Proponents of consumer-driven plans say employees have lost touch with the actual costs of health care. If they control the dollars — even though the money comes from the employer-funded account — they’re more likely to seek care from a practitioner who charges less, such as a family practitioner or internist rather than a specialist. They’re more likely to ask whether a generic drug will work for them. They’ll want justification for the higher-priced MRI rather than the X-ray, the theory goes. In fact, that’s why some insurers are adding tiered copays to their fully insured HMO plans. If a patient must pay $15 more for a visit to a specialist’s office, he or she might go to the primary care doctor instead, says Viles.

Of course, the transition can be a challenge. Human resources personnel have to learn the system and then explain it to workers, who may have enjoyed the relative simplicity of low copays of traditional managed care. “The employer and their human resources people have to be behind the products,” says Terri Flagg, Anthem’s vice president/product management. And companies have to be careful that they lay out the risk. Once an employee has spent all the money in the health account, that employee is responsible for the difference until the high deductible insurance kicks in. “The fear is that you get people enrolled and they don’t understand them,” says Flagg.

Employees also need ongoing access to information to help them make health-related decisions.
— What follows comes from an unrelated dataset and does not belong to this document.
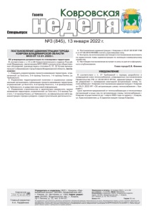 №3 (845), 13 января 2022 г. ǺDzDZDzǸȌ ǸȜȐȞȜȐȟȘȎȭ Спецвыпуск Газета ПОСТАНОВЛЕНИЕ АДМИНИСТРАЦИИ ГОРОДА КОВРОВА ВЛАДИМИРСКОЙ ОБЛАСТИ №23 ОТ 12.01.2023 г. Об утверждении документации по планировке территории В соответствии с ч.13 ст.46 Градостроительного кодекса Российской Федерации, заключением №27/2022 о результатах общественных обсуждений, руководствуясь статьями 6, 31, 32 Устава муниципального образования город Ковров Владимирской области, постановляю: 1. Утвердить корректировку проекта межевания территории, ограниченной: ул.Толстого, 3-й проезд Толстого, 1-й проезд Глинки, ул. Чайковского. 2. Управлению территориальной политики и социальных коммуникаций организовать публикацию проекта межевания территории, ограниченной: ул.Толстого, 3-й проезд Толстого, 1-й проезд Глинки, ул.Чайковского, в средствах массовой информации. 3. Управлению строительства и архитектуры разместить проект межевания территории, ограниченной: ул.Толстого, 3-й проезд Толстого, 1-й проезд Глинки, ул.Чайковского, на официальном сайте администрации города в разделе «градостроительная деятельность». 4. Постановления администрации г. Коврова от 23.07.2018 №1748 и от 27.09.2018 №2366 считать утратившими силу. 5. Контроль за исполнением настоящего постановления возложить на заместителя главы администрации по жилищно-коммунальному хозяйству. 6. Настоящее постановление вступает в силу со дня его официального опубликования. Глава города Е.В. Фомина УВЕДОМЛЕНИЕ В соответствии с п. 37 Требований к порядку разработки и утверждения схем теплоснабжения, утвержденных постановлением Правительства РФ от 22.02.2012 №154, администрация г. Коврова уведомляет о проведении ежегодной актуализации схемы теплоснабжения г. Коврова (постановление администрации г. Коврова от 09.01.2023 №1 «Об актуализации схемы теплоснабжения г. Коврова»). Срок принятия предложений от теплоснабжающих и теплосетевых организаций и иных лиц по актуализации схемы теплоснабжения г. Коврова осуществляется до 1 марта 2023 года по адресу: г. Ковров, ул. Краснознаменная, д. 6 (администрация города Коврова). Учредитель и издатель: МУП г. Коврова «Первомайский рынок» (601902, Владимирская обл., г. Ковров, ул. Дегтярева, д. 136а) Адрес редакции: 601901, Владимирская обл., г. Ковров, пр-т Ленина, д. 33, тел. 6-44-07. Подписано в печать: 13 января 2023 г. в 11.50 (по графику – в 12.00). Цена: бесплатно Отпечатано в редакции газеты «Ковровская неделя» Адрес: 601901, Владимирская обл., г. Ковров, пр-т Ленина, д. 33. Тел. 6-44-07. Заказ №8 Тираж 50 экз. За содержание и достоверность рекламных материалов и объявлений редакция ответственности не несет. Рекламируемые товары и услуги подлежат обязательной сертификации. Письма и рукописи не рецензируются и не возвращаются. Газета зарегистрирована Управлением Федеральной службы по надзору в сфере связи, информационных технологий и массовых коммуникаций по Владимирской области (свидетельство о регистрации ПИ № ТУ 33-00151 от 16.09.2011 г.). Статьи под рубрикой «Бизнес-проект» публикуются на правах рекламы. Главный редактор: Н.А. Парфёнова

Most insurance companies now offer some online tools, either their own or in conjunction with a well-known medical provider, such as the Mayo Clinic. Anthem Blue Cross and Blue Shield, for example, rolled out two new online support tools in April — one to help patients select the hospital that best meets their criteria for a certain procedure and one to help patients wend their way through treatment options. They’re both intuitive, customizable online programs that provide consumer-friendly add-ons such as a checklist of questions to ask your provider.

A question that critics of consumer-driven plans raise is the possibility that healthy employees will see the most savings, but leave employees who need to stay in traditional insurance pools to face higher premiums. That’s possible. But carriers who offer consumer plans, especially those who typically offer several package options to an employer, say they’re still spreading the risk. “We blend the range of options together for rating and experience,” says Brian Corbey, Southern Health.

Mercer’s McCarthy says employees with chronic health conditions are enrolling in consumer-driven plans. “The theory is that those people understand their condition, know it’s long term and are hungry for information and knowledge about it. These people are better able than most to predict their health care expenditures.”

Predicting costs takes time, says Flagg. “You have to look at the savings and impact over a three-year period,” she says. In some cases, employers could end up paying more for some people. So consumer-driven plans might not work for everyone. But if health care costs continue to rise at double-digit rates, industry watchers expect the acceptance rate to soar. And people like Sentara’s Viles will probably find her audiences more engrossed than skeptical.